◆ Task item: Exactly as written, reproduce the lines from the beginning of the data through the line containing "Jednoduchý ale velmi"; the pictures are not reproduced.

◆ Material shown:
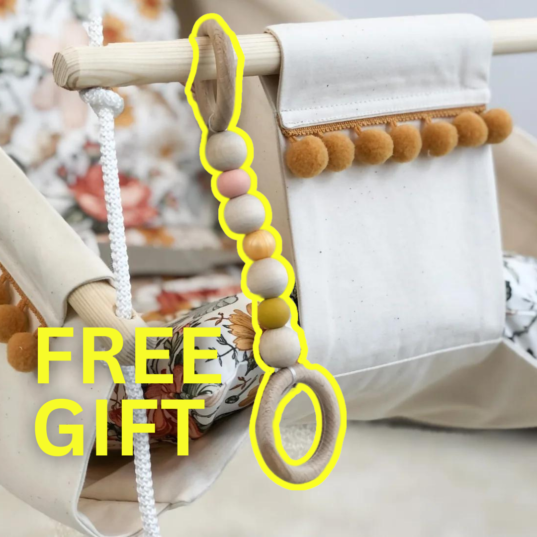 Katrām šūpolēm esam izveidojuši koka zobu gredzenu. Pilnīgi dabiska, ar rokām radīta maņu rotaļlieta jaundzimušajam!
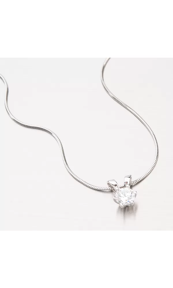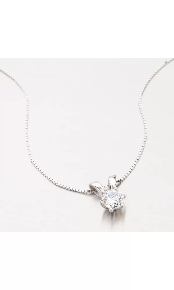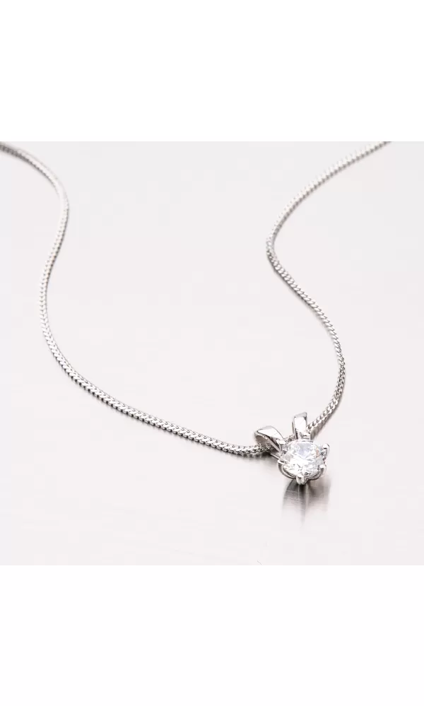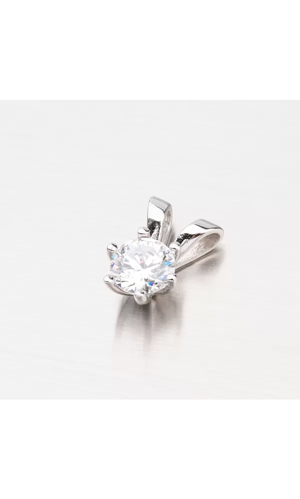 Jednoduchý ale velmi efektní přívěsek je vyrobený z bílého čtrnáctikarátového zlata 585/1000 v lesklé povrchové úpravě. Přívěsek je zdobený jedním velkým zirkonem o průměru 6,00, který je uchycen šesti krapnami. Přívěsek nemá klasické očko ale řetízek jde skrz přívěsek. Přívěsek tak dokonale splyne s vaším dekoltem.
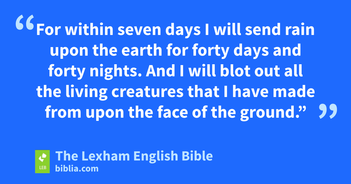 7 Thena Yahweh said to Noah, “Go—you and all your household—into the ark, for I have seen you are righteous before me in this generation. 2 From all the clean animals you must take for yourself ⌊seven pairs⌋,b a male and its mate. And from the animals that are not clean you must take two, a male and its mate, 3 as well as from the birds of heavenc ⌊seven pairs⌋,d male and female, ⌊to keep their kind alive⌋e on the face of all the earth. 4 For ⌊within seven days⌋f I will send rain upon the earth for forty days and forty nights. And I will blot out all the living creatures that I have made from upon the face of the ground.” 5 And Noah did according to all that Yahweh commanded him.
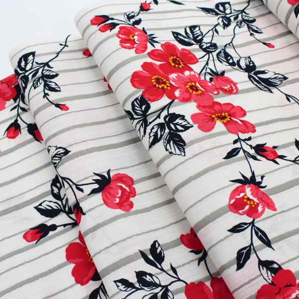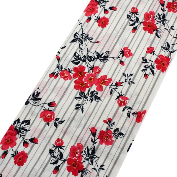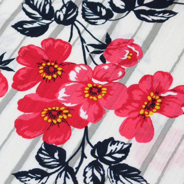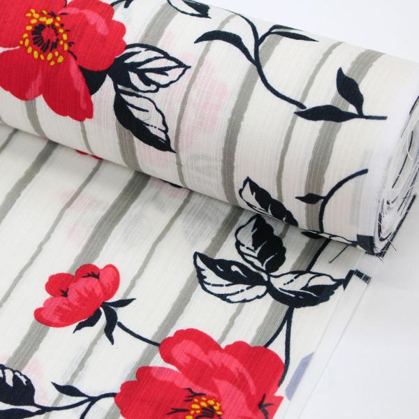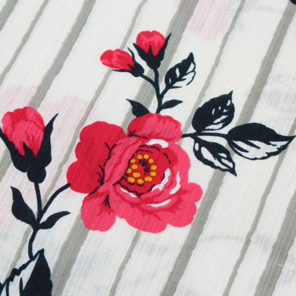 日本製 浴衣 反物 生地 教材用 レディース 白 オフホワイト 花柄 縞 女性用 ゆかた 綿 20代 30代 40代 50代 お洒落 大人っぽい 誂え 仕立て
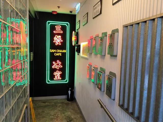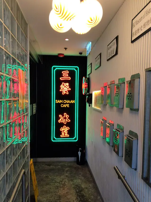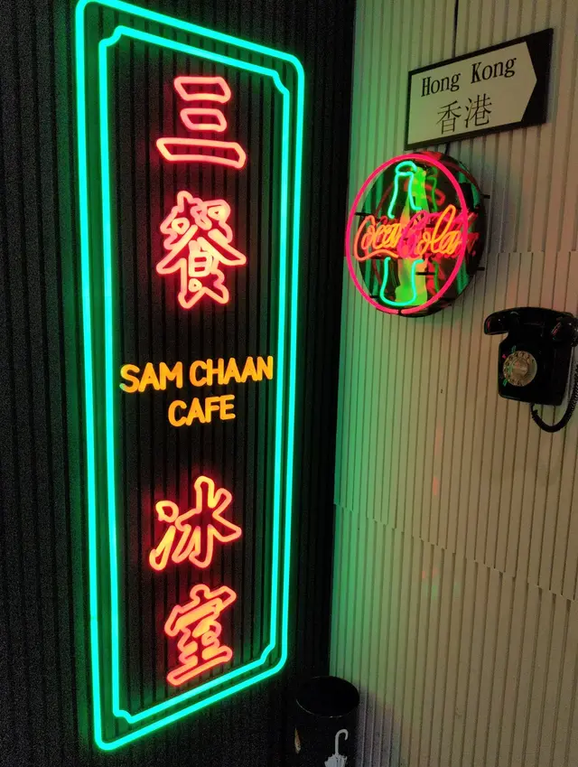 『三餐冰室』招牌用上霓虹光管來製作,旁邊同樣有一個『Cola Cola玻璃瓶霓虹光管,暗示這樣提供的可口可樂是玻璃瓶;
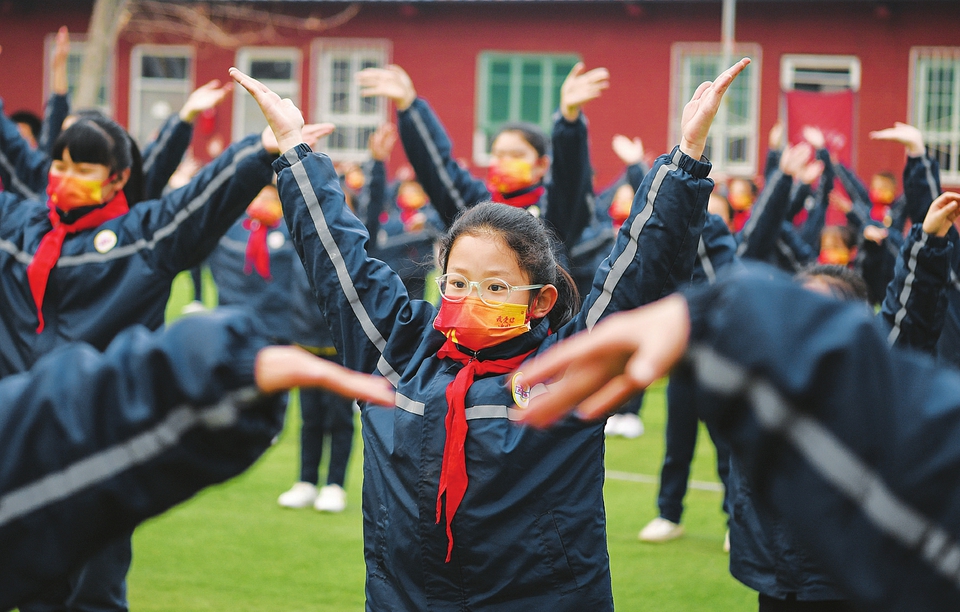 3月24日,臨汾市興國實(shí)驗(yàn)小學(xué),師生們在課間跳律動(dòng)減壓操。連日來,該校結(jié)合閉環(huán)管理,為全校師生量身編排了律動(dòng)減壓操和手舞操,使學(xué)生快樂學(xué)習(xí)、健康生活。(閆銳鵬攝)
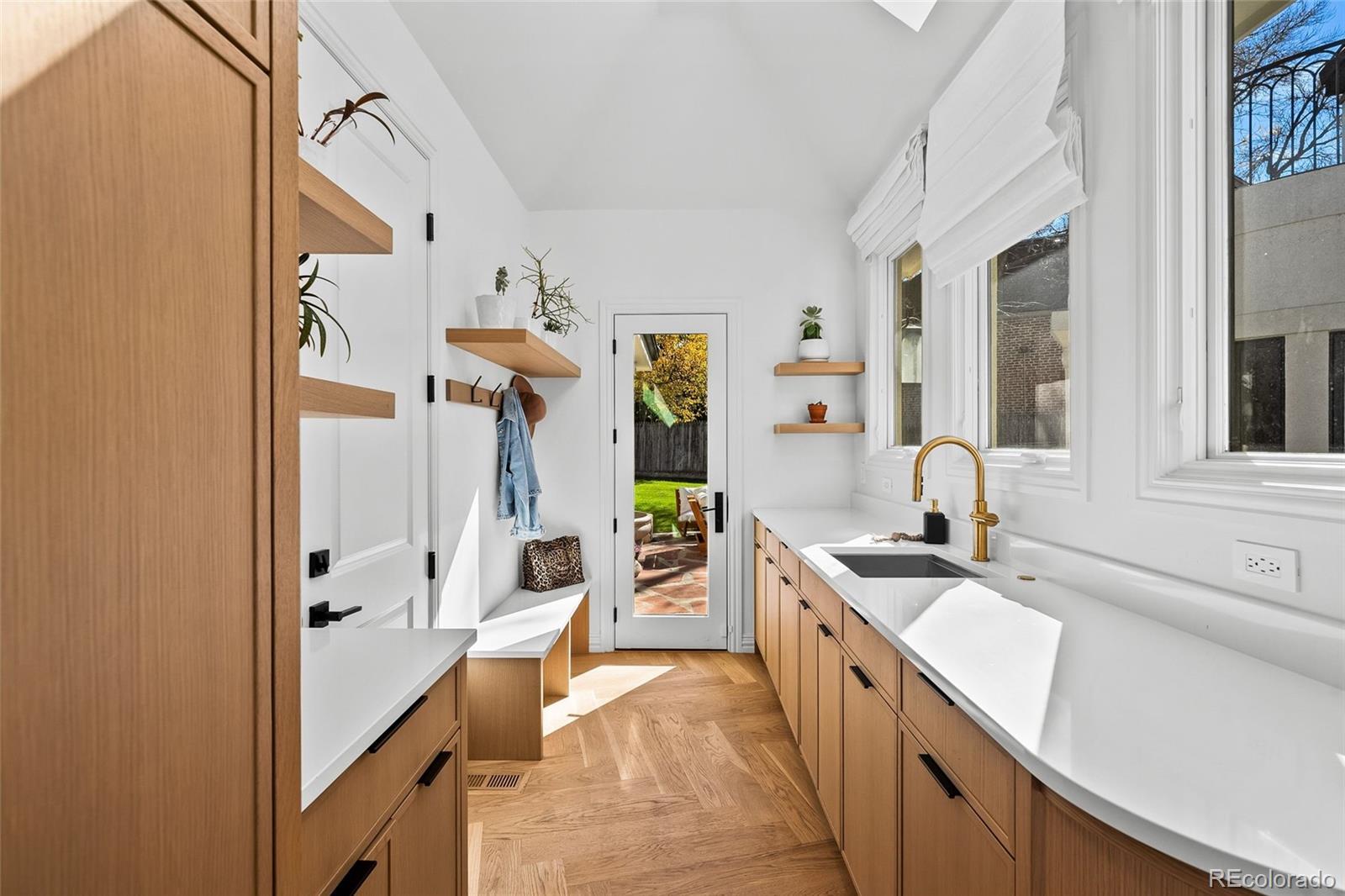 Experience refined living in Denver’s prestigious Country Club—where architectural elegance, modern innovation, and outdoor connection meet in perfect balance. Reimagined with over $1M in design-led renovations, this light-filled luxury home blends timeless craftsmanship with smart-home sophistication. A grand circular staircase and sculptural chandelier set the tone, while the architect-redesigned main level offers a sun-drenched, open layout ideal for entertaining. White oak herringbone floors, a marble fireplace surround, and integrated audio create effortless sophistication. The chef’s kitchen features bespoke white oak cabinetry, Italian marble counters, an AGA induction range, paneled Dacor refrigerator, and a butler’s pantry. The main-floor suite includes a spa-inspired bath with Anne Sacks terrazzo tile, radiant heated floors, a freestanding tub, dual showerheads, and designer finishes, perfect for guests or extended stays. Upstairs, the primary suite with his-and-her baths and walk-in closets is ready for your personal vision, an opportunity to create a truly bespoke retreat. Neighboring lots have recently sold for $2M–$2.8M as sites for new custom residences making this a rare opportunity to own a fully turnkey home in one of Denver’s most coveted neighborhoods. The transformed lower level offers elevated ceilings, a terrazzo-clad fireplace, full wet bar, guest rooms, and gym/flex space. A $42K landscape redesign enhances indoor-outdoor living with curbstone borders, paver and gravel pathways, integrated lighting, outdoor speakers, and a Rachio smart-irrigation system. Set on a ¼-acre lot, the property offers privacy and lush surroundings rarely found this close to Cherry Creek. Upgrades include a new furnace (’24), dual A/C (’22), whole-house filtration, Flo leak sensors, Ecobee thermostats, Lutron lighting, and a 10-camera security system. Exceptional walkability to Hillstone, the Denver Botanic Gardens, and Cherry Creek’s boutiques and cafés.
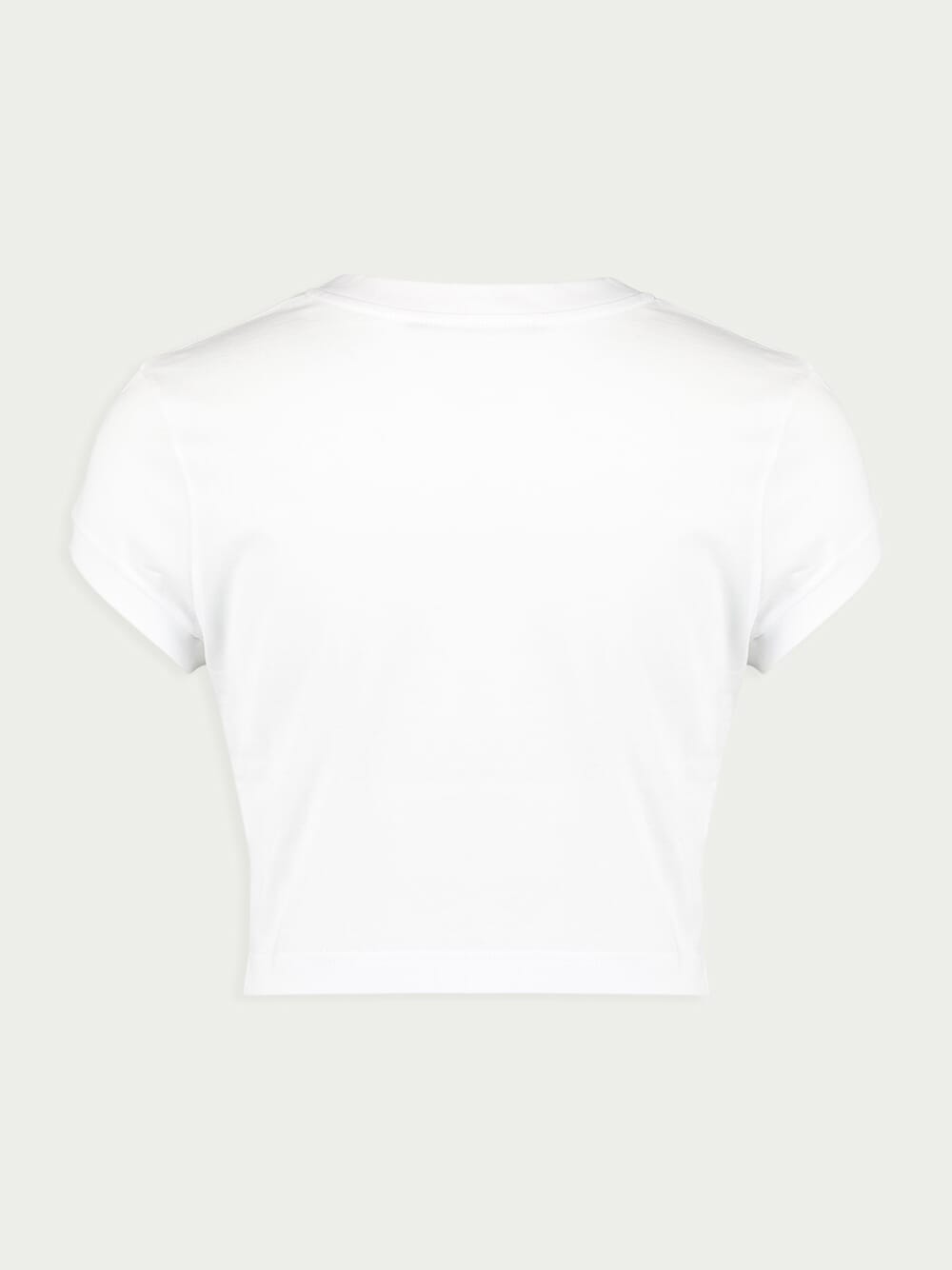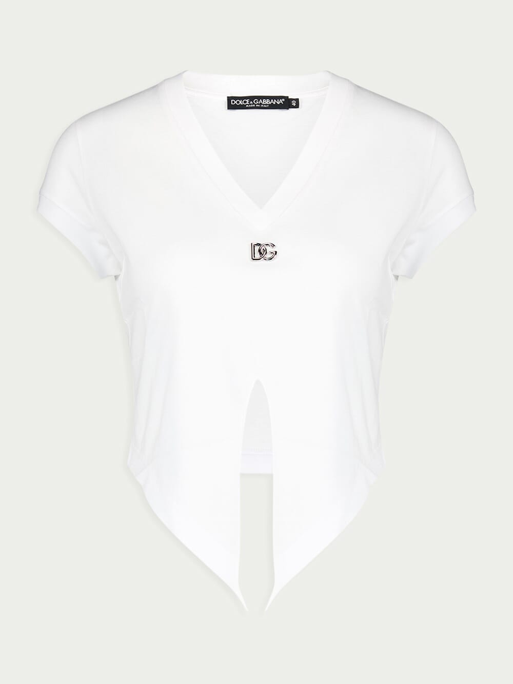 DG Knot Cotton Jersey T-Shirt, crafted from luxuriously soft cotton jersey. Experience unmatched comfort with its premium fabric and enjoy the trendy touch of a slightly cropped silhouette, perfect for modern styling. This fashion-forward gem is adorned with eye-catching metal DG hardware and chic knot detailing on the front, elevating your look effortlessly.

◆ Exercise answer:
 Katrām šūpolēm esam izveidojuši koka zobu gredzenu. Pilnīgi dabiska, ar rokām radīta maņu rotaļlieta jaundzimušajam!
 Jednoduchý ale velmi efektní přívěsek je vyrobený z bílého čtrnáctikarátového zlata 585/1000 v lesklé povrchové úpravě. Přívěsek je zdobený jedním velkým zirkonem o průměru 6,00, který je uchycen šesti krapnami. Přívěsek nemá klasické očko ale řetízek jde skrz přívěsek. Přívěsek tak dokonale splyne s vaším dekoltem.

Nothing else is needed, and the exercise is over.